■ **EXERCISE**
The line holding "Hellgrünes kurzärmliges Shirt" is the last one to output; start at the first line of the data, keep every line in between exactly, and leave out pictures.

■ **DATA SECTION**
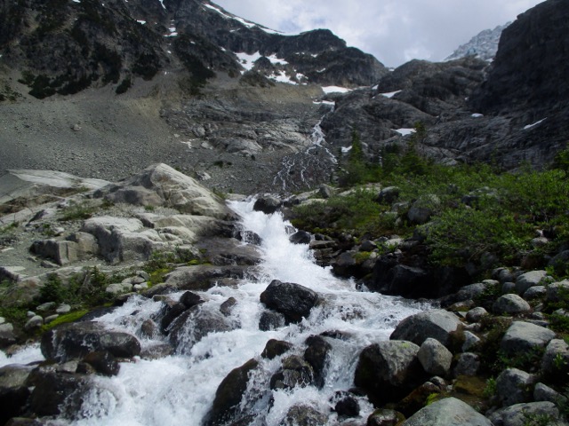 Finally I decided to pack my tent back down to my rent-a-car. Get ready for tomorrow’s hike. (I tented for free on the river from the Wedgemount turn-off, a cyclists hangout.)
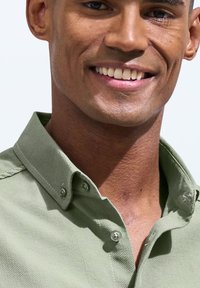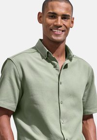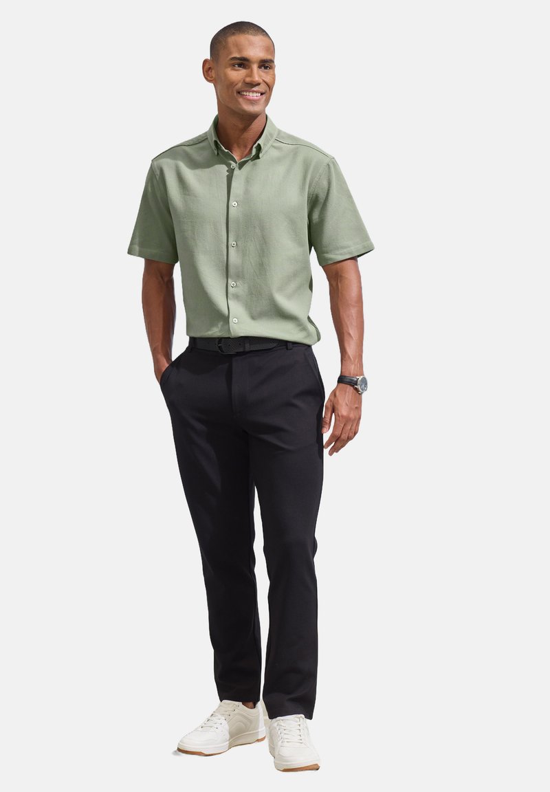 Hellgrünes kurzärmliges Shirt mit Knöpfen, kombiniert mit schwarzen Hosen und weißen Sneakers. Einfaches Design, glatte Textur und lässige Passform.
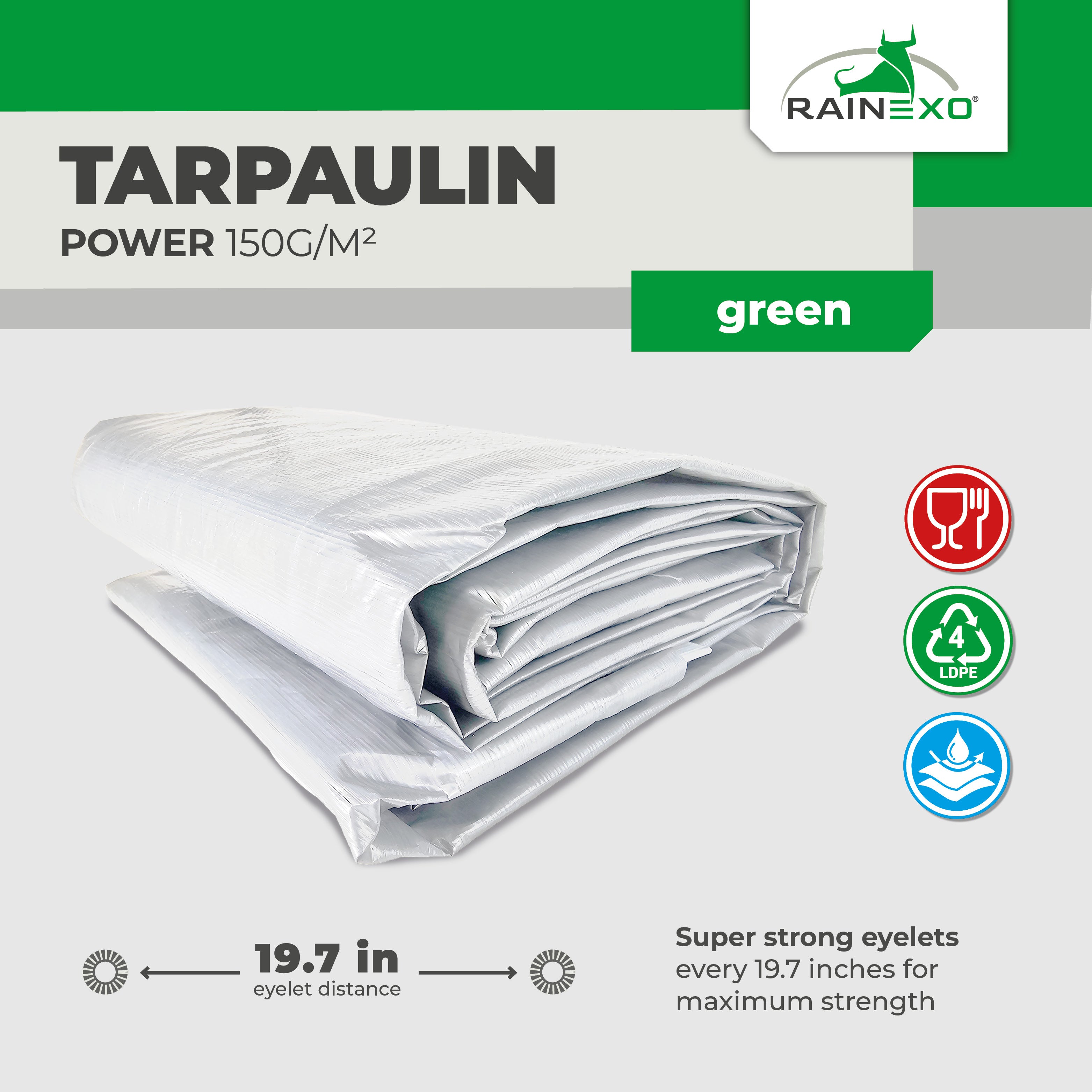 Rainexo tarp 150 GSM is a heavy-duty 3 layers cross-laminated multi-purpose tarpaulin. Due to the unique style of manufacturing Rainexo tarps are strong, durable, and match high-quality standards. This tarpaulin is 100% Waterproof, frostproof, and UV-proof which makes it a great choice for indoor and/or outdoor use at any season and weather conditions. Ultrasonically-welded eyelets provide better tie-down possibility and protection for every purpose. Rainexo tarp comes in two color varieties: translucent and green/blue variant.
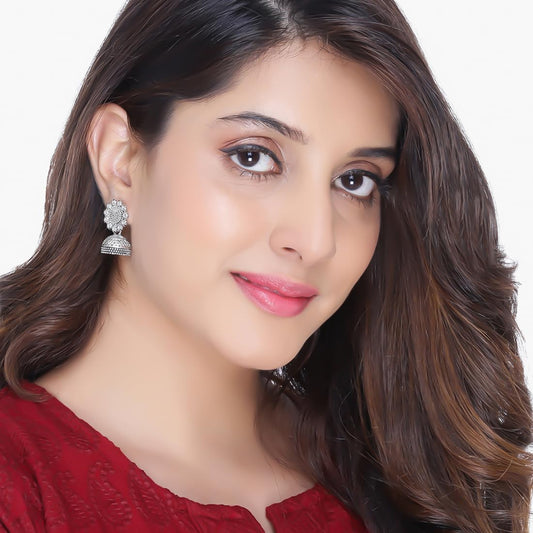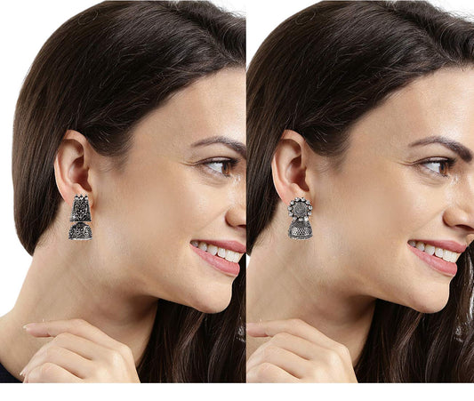 Earrings for Women and Girls | Traditional Silver Oxidised Jhumka | German Silver Earring Set | Floral Jhumki Earrings Combo | Birthday Gift For Girls and Women Anniversary Gift for Wife

■ **COMPLETED TASK**
 Finally I decided to pack my tent back down to my rent-a-car. Get ready for tomorrow’s hike. (I tented for free on the river from the Wedgemount turn-off, a cyclists hangout.)
 Hellgrünes kurzärmliges Shirt mit Knöpfen, kombiniert mit schwarzen Hosen und weißen Sneakers. Einfaches Design, glatte Textur und lässige Passform.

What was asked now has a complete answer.